> [PROBLEM REQUIREMENTS] Please give back each line of the material unchanged, but without the images.

[SUPPLIED DATA]

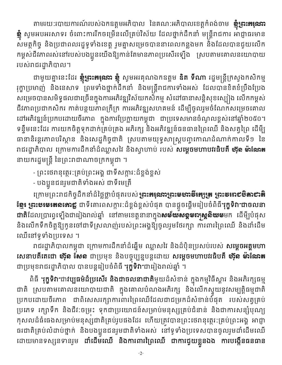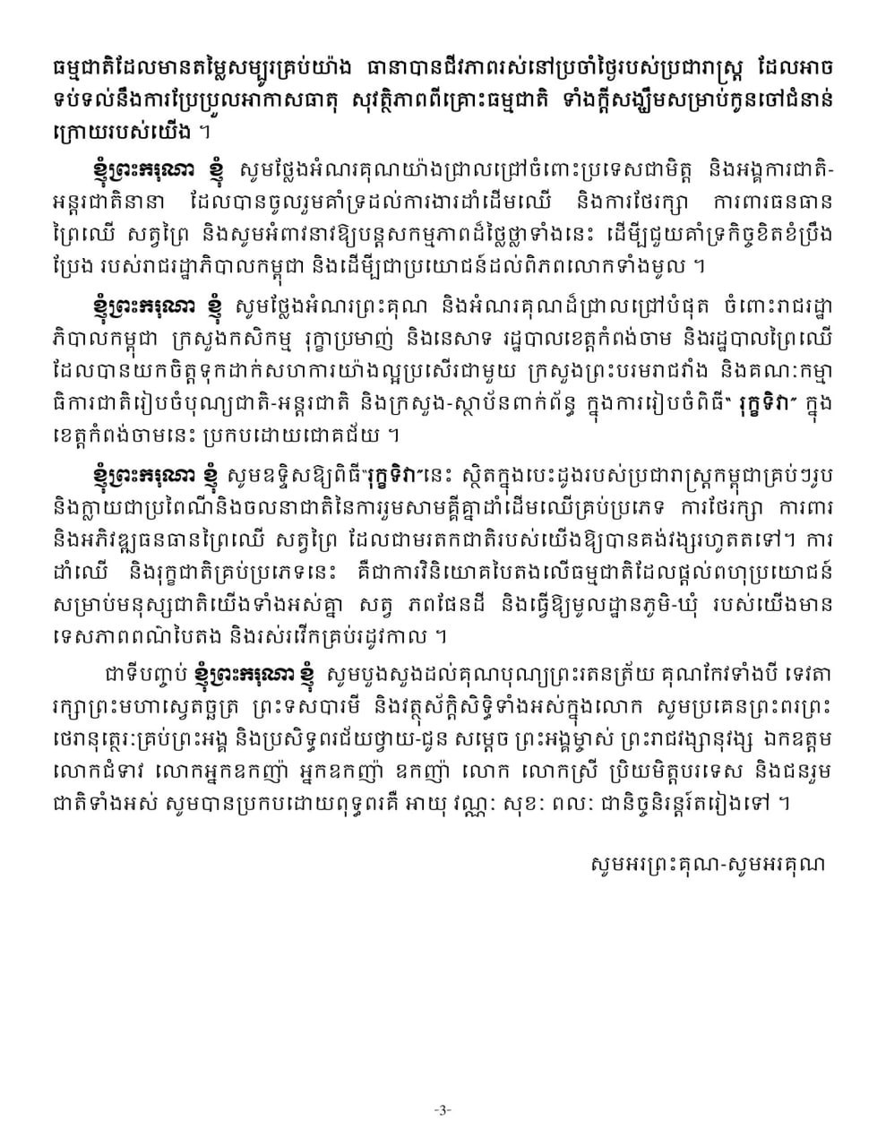 ព្រះរាជសុន្ទរកថាទាំងស្រុងរបស់ ព្រះករុណាព្រះបាទ សម្តេចព្រះបរមនាថ នរោត្តម សីហមុនី ព្រះមហាក្សត្រ នៃព្រះរាជាណាចក្រកម្ពុជា នៅក្នុងព្រះរាជពិធី «រុក្ខទិវា” នៅស្រុកចំការលើ ខេត្តកំពង់ចាម ថ្ងៃទី៩ ខែកក្កដា ឆ្នាំ២០២៥
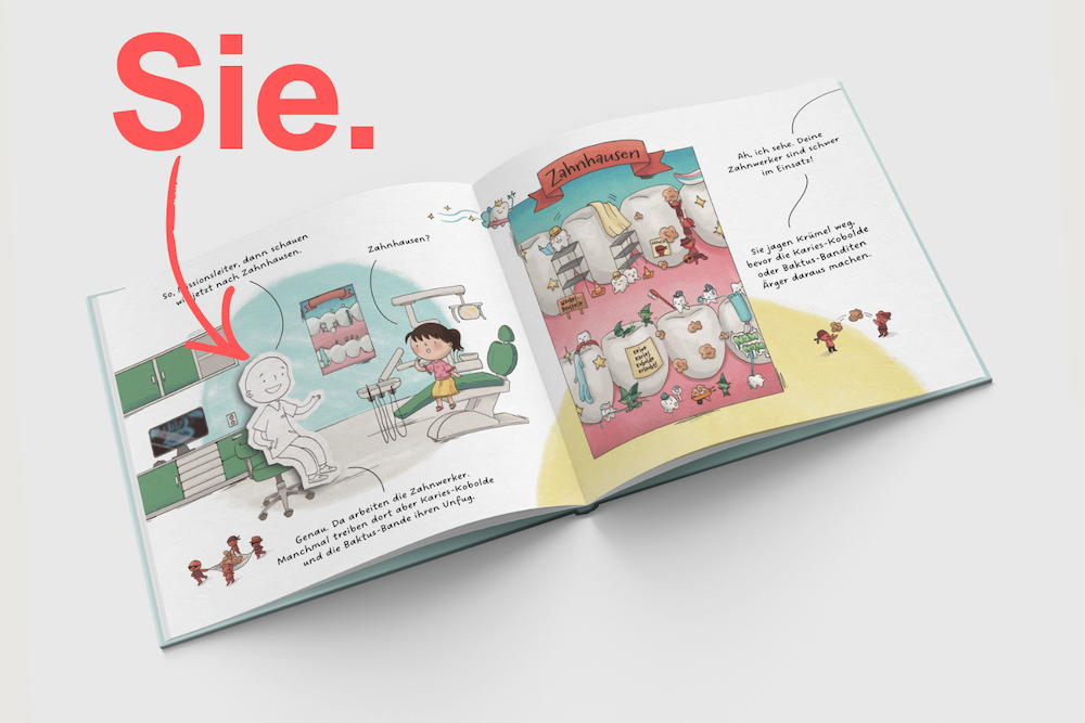 Für die Personalisierung benötigen wir außerdem Ihren Namen, den Namen Ihrer Praxis, das Praxislogo und ein Foto von Ihnen (diese erscheinen später in Ihrem Buch). Anhand des Fotos gestalten wir von Hand Ihren Charakter für das Buch.
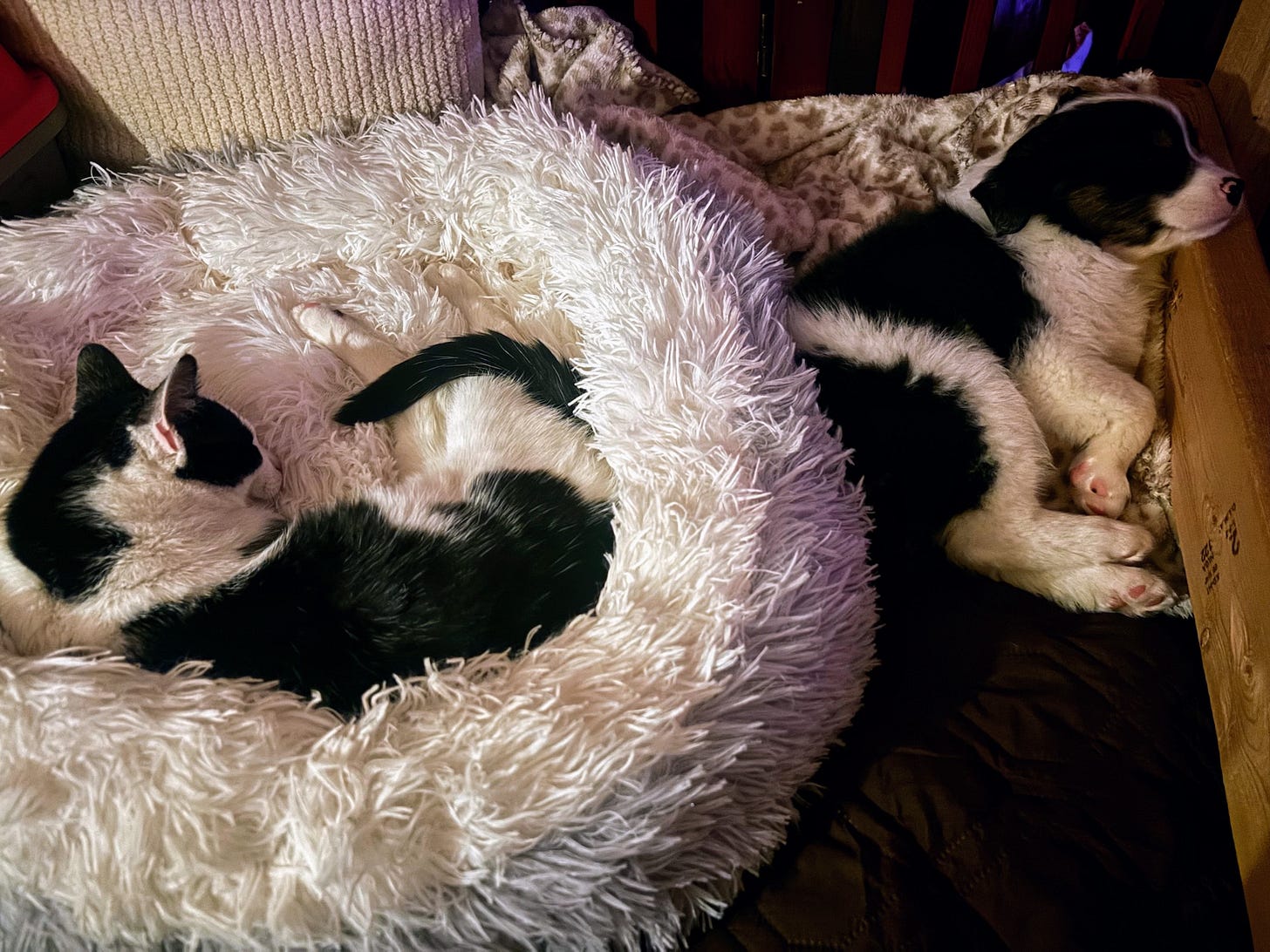 Even Grace's cat, Strider, loves Milly. They tumble and wrestle around the bunkhouse and tent, and they snuggle in Milly's fluffy new bed. Sometimes, Strider kicks Milly out and keeps the bed for himself.
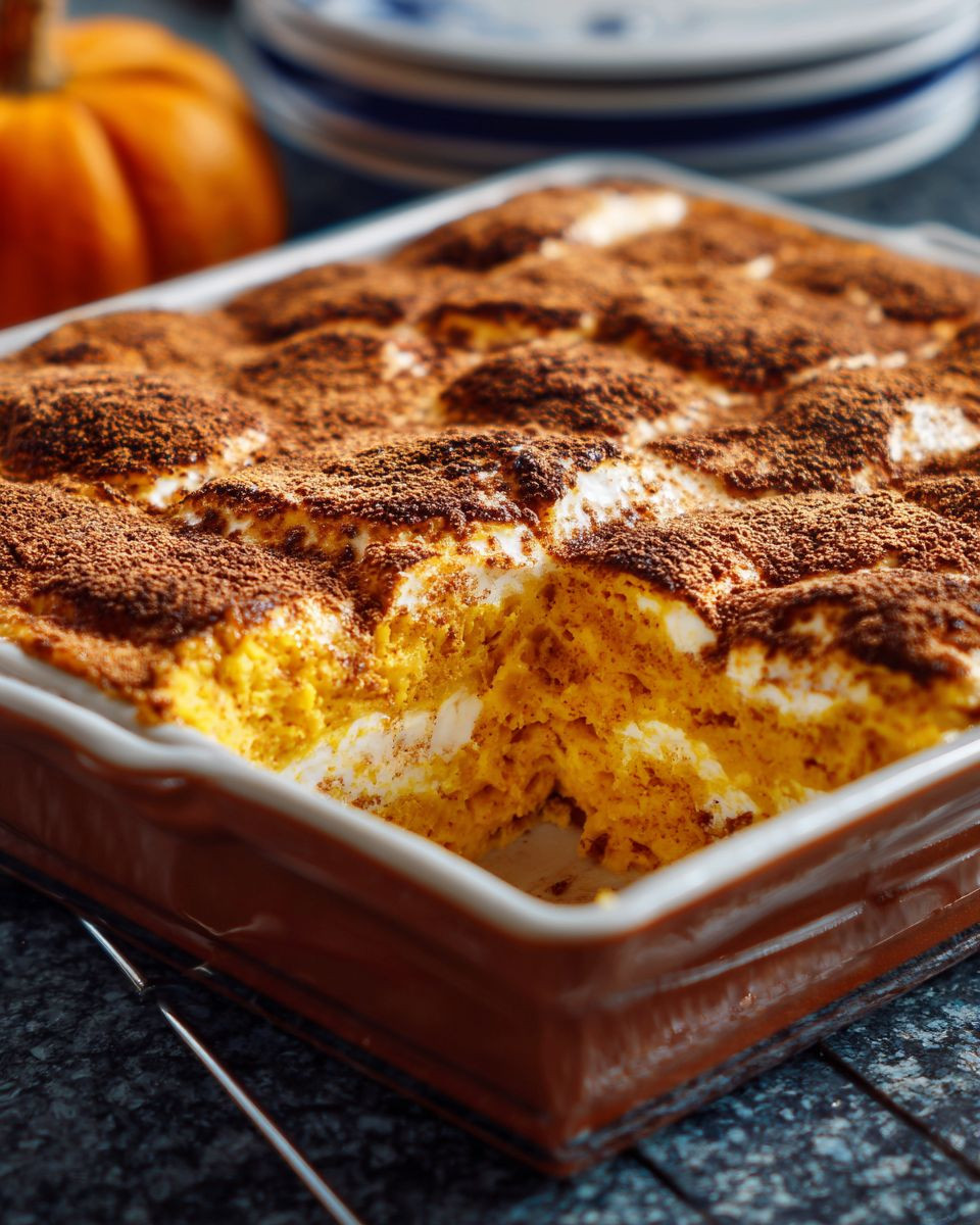 Moist and comforting pumpkin spice bake with a creamy cottage cheese base, perfect for fall.

[/SUPPLIED DATA]

> [TASK SOLUTION]
 ព្រះរាជសុន្ទរកថាទាំងស្រុងរបស់ ព្រះករុណាព្រះបាទ សម្តេចព្រះបរមនាថ នរោត្តម សីហមុនី ព្រះមហាក្សត្រ នៃព្រះរាជាណាចក្រកម្ពុជា នៅក្នុងព្រះរាជពិធី «រុក្ខទិវា” នៅស្រុកចំការលើ ខេត្តកំពង់ចាម ថ្ងៃទី៩ ខែកក្កដា ឆ្នាំ២០២៥
 Für die Personalisierung benötigen wir außerdem Ihren Namen, den Namen Ihrer Praxis, das Praxislogo und ein Foto von Ihnen (diese erscheinen später in Ihrem Buch). Anhand des Fotos gestalten wir von Hand Ihren Charakter für das Buch.
 Even Grace's cat, Strider, loves Milly. They tumble and wrestle around the bunkhouse and tent, and they snuggle in Milly's fluffy new bed. Sometimes, Strider kicks Milly out and keeps the bed for himself.
 Moist and comforting pumpkin spice bake with a creamy cottage cheese base, perfect for fall.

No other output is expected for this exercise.